» **THE DATA**:
_ _ _ _ _

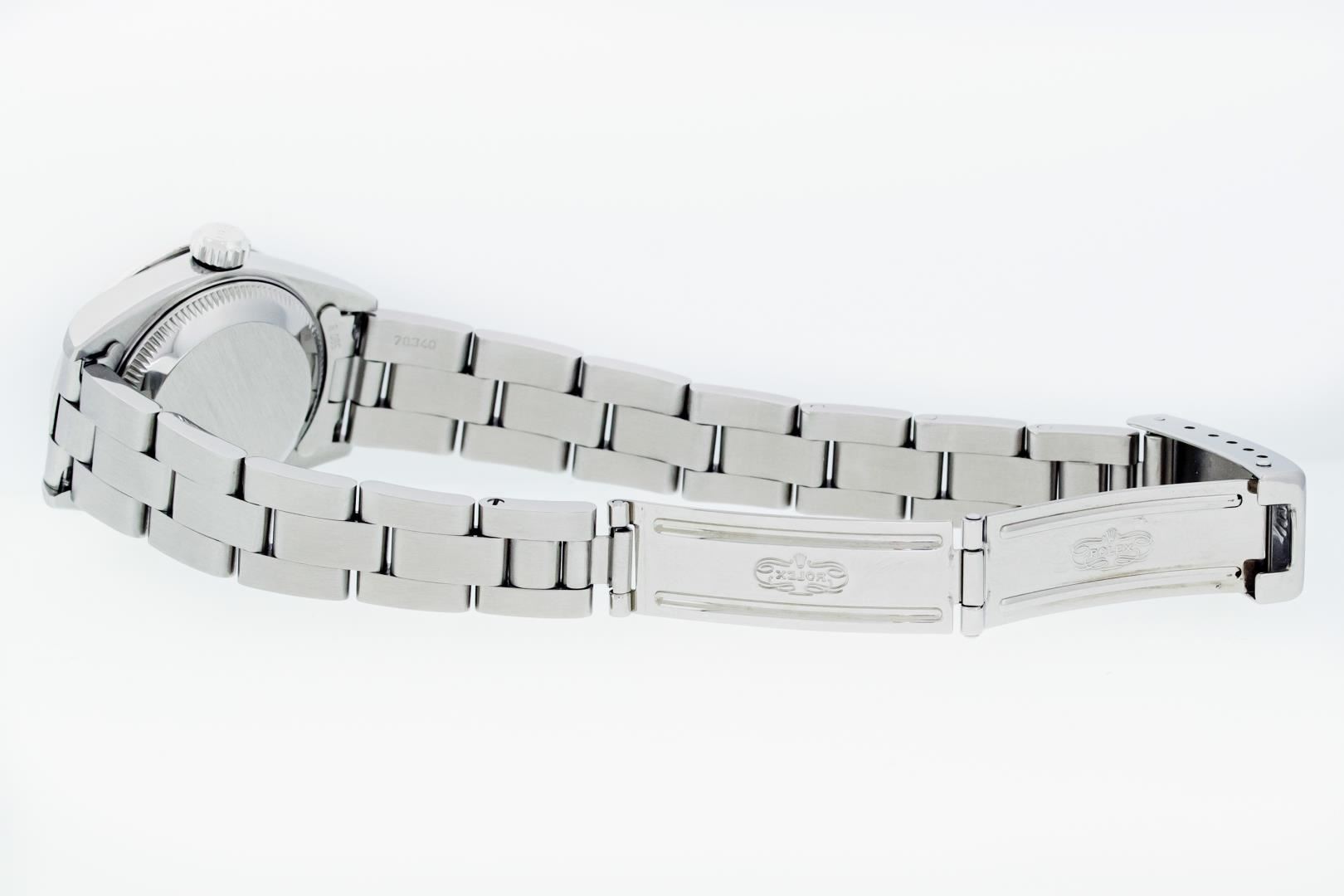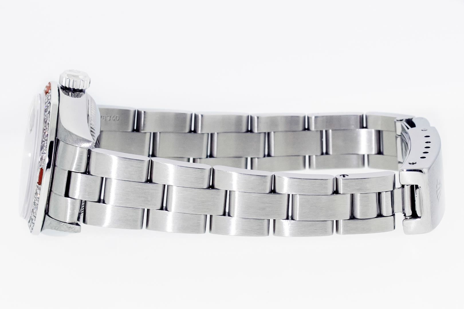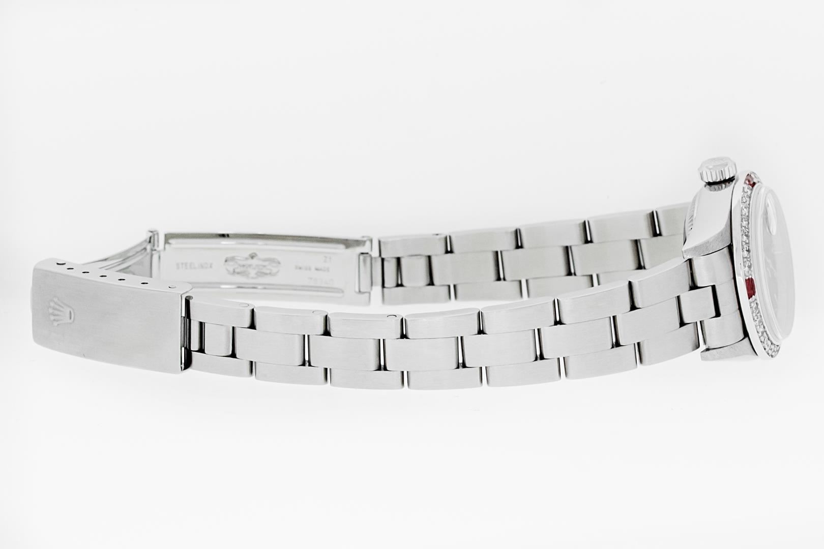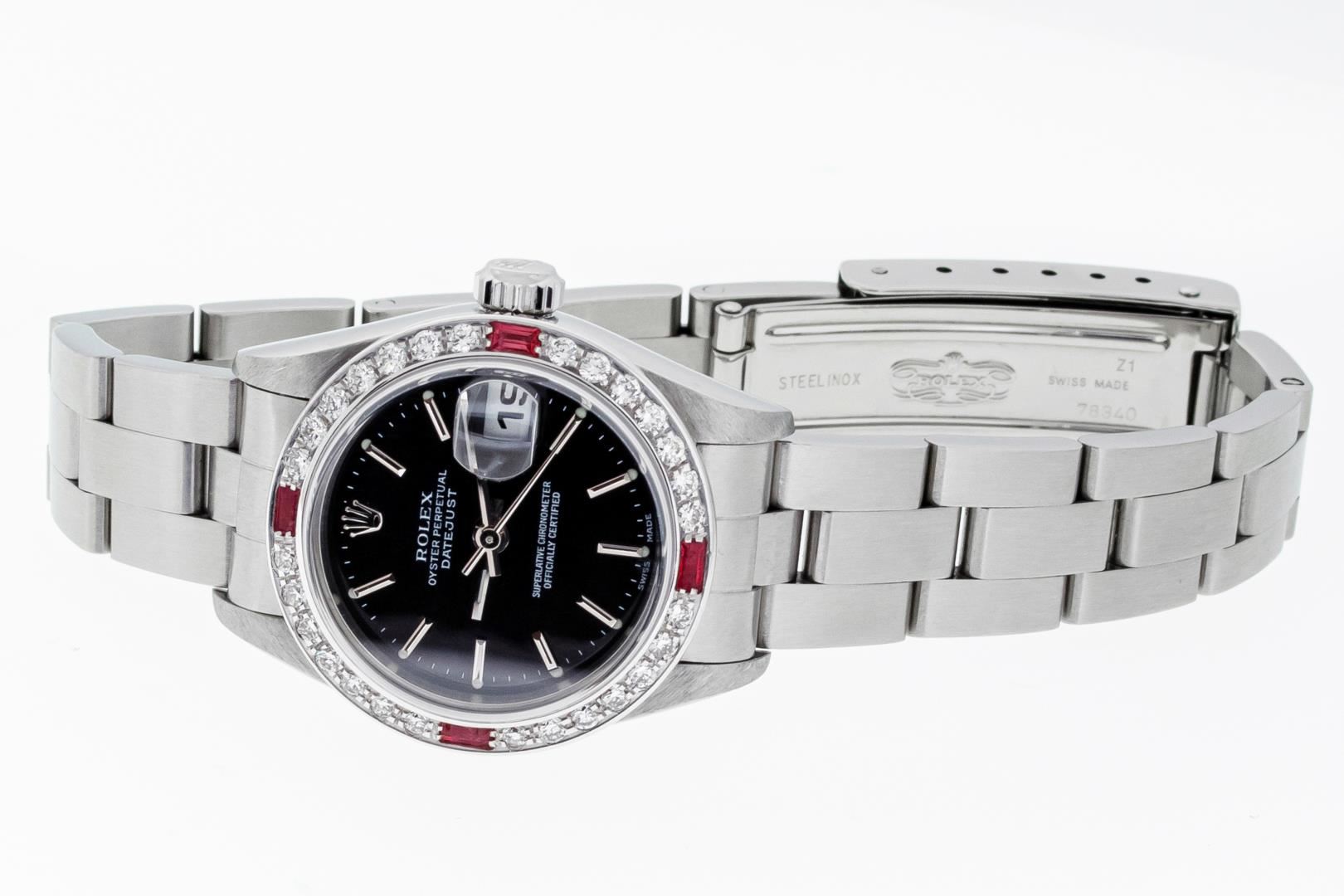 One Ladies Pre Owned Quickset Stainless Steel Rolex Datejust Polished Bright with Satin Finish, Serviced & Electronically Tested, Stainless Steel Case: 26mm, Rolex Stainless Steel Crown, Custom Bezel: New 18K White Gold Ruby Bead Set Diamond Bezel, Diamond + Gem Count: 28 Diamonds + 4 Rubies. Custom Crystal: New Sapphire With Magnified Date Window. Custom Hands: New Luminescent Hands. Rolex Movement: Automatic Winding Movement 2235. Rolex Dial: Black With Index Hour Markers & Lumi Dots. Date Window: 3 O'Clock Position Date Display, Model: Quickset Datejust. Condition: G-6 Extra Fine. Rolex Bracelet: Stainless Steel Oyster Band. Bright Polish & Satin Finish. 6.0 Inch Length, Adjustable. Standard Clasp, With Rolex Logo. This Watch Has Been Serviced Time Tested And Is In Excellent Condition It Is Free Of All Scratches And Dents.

_ _ _ _ _

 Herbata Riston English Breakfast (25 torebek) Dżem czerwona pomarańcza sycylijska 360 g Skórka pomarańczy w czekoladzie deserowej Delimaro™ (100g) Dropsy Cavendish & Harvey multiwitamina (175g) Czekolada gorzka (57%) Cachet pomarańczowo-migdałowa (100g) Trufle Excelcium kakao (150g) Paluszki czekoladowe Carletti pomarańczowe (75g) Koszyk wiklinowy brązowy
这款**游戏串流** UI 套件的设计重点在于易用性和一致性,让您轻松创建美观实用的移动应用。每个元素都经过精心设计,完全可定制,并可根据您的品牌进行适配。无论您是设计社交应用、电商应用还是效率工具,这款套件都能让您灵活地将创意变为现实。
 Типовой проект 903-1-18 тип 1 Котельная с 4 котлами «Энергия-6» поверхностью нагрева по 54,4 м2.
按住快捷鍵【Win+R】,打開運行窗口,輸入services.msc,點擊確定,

_ _ _ _ _

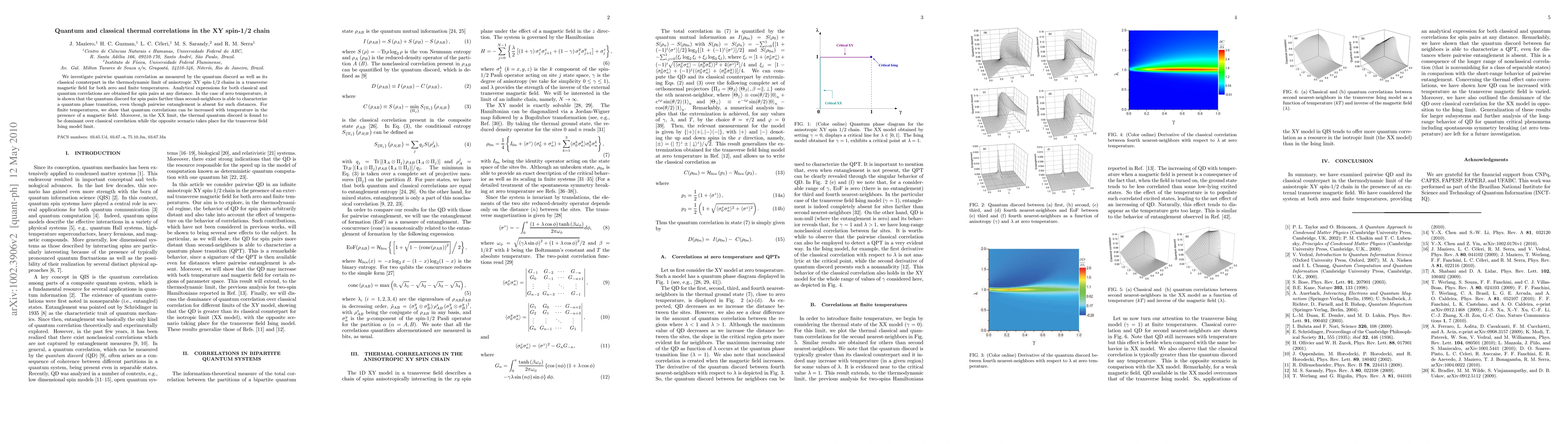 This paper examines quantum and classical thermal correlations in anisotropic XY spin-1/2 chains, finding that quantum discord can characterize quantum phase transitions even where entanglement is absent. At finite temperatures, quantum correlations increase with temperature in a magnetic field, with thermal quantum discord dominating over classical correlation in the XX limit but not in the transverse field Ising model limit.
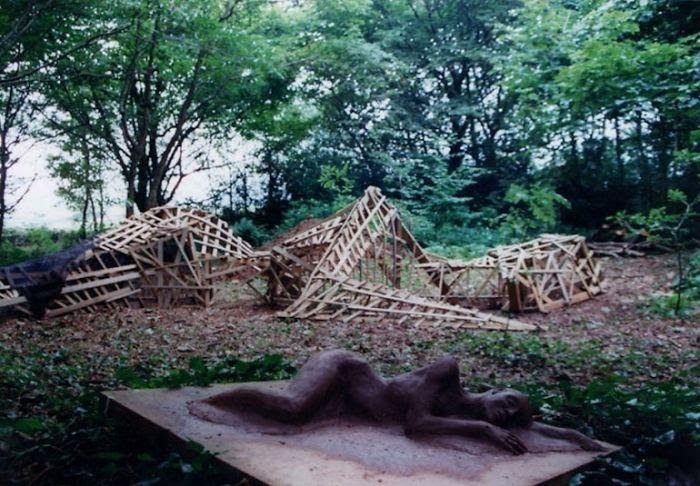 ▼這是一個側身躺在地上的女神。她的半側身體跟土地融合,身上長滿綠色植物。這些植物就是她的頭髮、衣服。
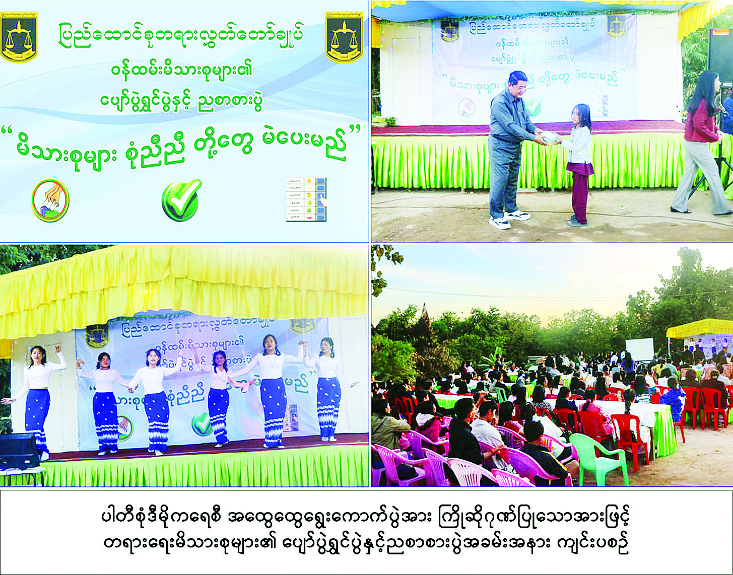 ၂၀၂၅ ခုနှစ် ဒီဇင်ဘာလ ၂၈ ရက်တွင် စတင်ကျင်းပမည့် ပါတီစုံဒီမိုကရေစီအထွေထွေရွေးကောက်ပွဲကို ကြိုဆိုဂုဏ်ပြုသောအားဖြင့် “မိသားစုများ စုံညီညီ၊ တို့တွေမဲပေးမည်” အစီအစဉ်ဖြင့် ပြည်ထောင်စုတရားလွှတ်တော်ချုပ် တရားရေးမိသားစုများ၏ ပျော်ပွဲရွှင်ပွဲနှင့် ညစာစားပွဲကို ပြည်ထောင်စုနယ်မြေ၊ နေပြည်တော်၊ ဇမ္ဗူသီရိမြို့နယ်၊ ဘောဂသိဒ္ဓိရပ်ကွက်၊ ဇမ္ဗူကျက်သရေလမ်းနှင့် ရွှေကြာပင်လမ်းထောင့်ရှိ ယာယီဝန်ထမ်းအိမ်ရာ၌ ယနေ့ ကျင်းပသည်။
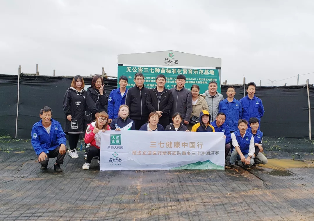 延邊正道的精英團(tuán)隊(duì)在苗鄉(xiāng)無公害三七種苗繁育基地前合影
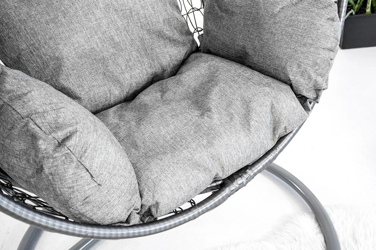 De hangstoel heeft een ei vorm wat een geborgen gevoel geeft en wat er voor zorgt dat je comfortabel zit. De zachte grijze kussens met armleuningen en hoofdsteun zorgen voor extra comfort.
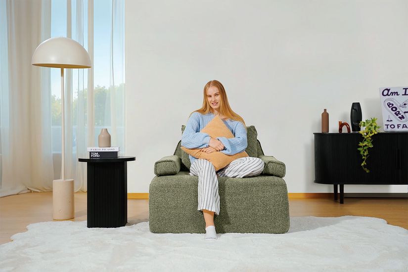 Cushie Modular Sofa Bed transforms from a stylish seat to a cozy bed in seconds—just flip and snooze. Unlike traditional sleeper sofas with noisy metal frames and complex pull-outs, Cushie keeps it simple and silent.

_ _ _ _ _

Pictures aside, return exactly the lines from the data above, starting at the line that has "This paper examines" and ending at the line that has "De hangstoel heeft", both included.

 This paper examines quantum and classical thermal correlations in anisotropic XY spin-1/2 chains, finding that quantum discord can characterize quantum phase transitions even where entanglement is absent. At finite temperatures, quantum correlations increase with temperature in a magnetic field, with thermal quantum discord dominating over classical correlation in the XX limit but not in the transverse field Ising model limit.
 ▼這是一個側身躺在地上的女神。她的半側身體跟土地融合,身上長滿綠色植物。這些植物就是她的頭髮、衣服。
 ၂၀၂၅ ခုနှစ် ဒီဇင်ဘာလ ၂၈ ရက်တွင် စတင်ကျင်းပမည့် ပါတီစုံဒီမိုကရေစီအထွေထွေရွေးကောက်ပွဲကို ကြိုဆိုဂုဏ်ပြုသောအားဖြင့် “မိသားစုများ စုံညီညီ၊ တို့တွေမဲပေးမည်” အစီအစဉ်ဖြင့် ပြည်ထောင်စုတရားလွှတ်တော်ချုပ် တရားရေးမိသားစုများ၏ ပျော်ပွဲရွှင်ပွဲနှင့် ညစာစားပွဲကို ပြည်ထောင်စုနယ်မြေ၊ နေပြည်တော်၊ ဇမ္ဗူသီရိမြို့နယ်၊ ဘောဂသိဒ္ဓိရပ်ကွက်၊ ဇမ္ဗူကျက်သရေလမ်းနှင့် ရွှေကြာပင်လမ်းထောင့်ရှိ ယာယီဝန်ထမ်းအိမ်ရာ၌ ယနေ့ ကျင်းပသည်။
 延邊正道的精英團(tuán)隊(duì)在苗鄉(xiāng)無公害三七種苗繁育基地前合影
 De hangstoel heeft een ei vorm wat een geborgen gevoel geeft en wat er voor zorgt dat je comfortabel zit. De zachte grijze kussens met armleuningen en hoofdsteun zorgen voor extra comfort.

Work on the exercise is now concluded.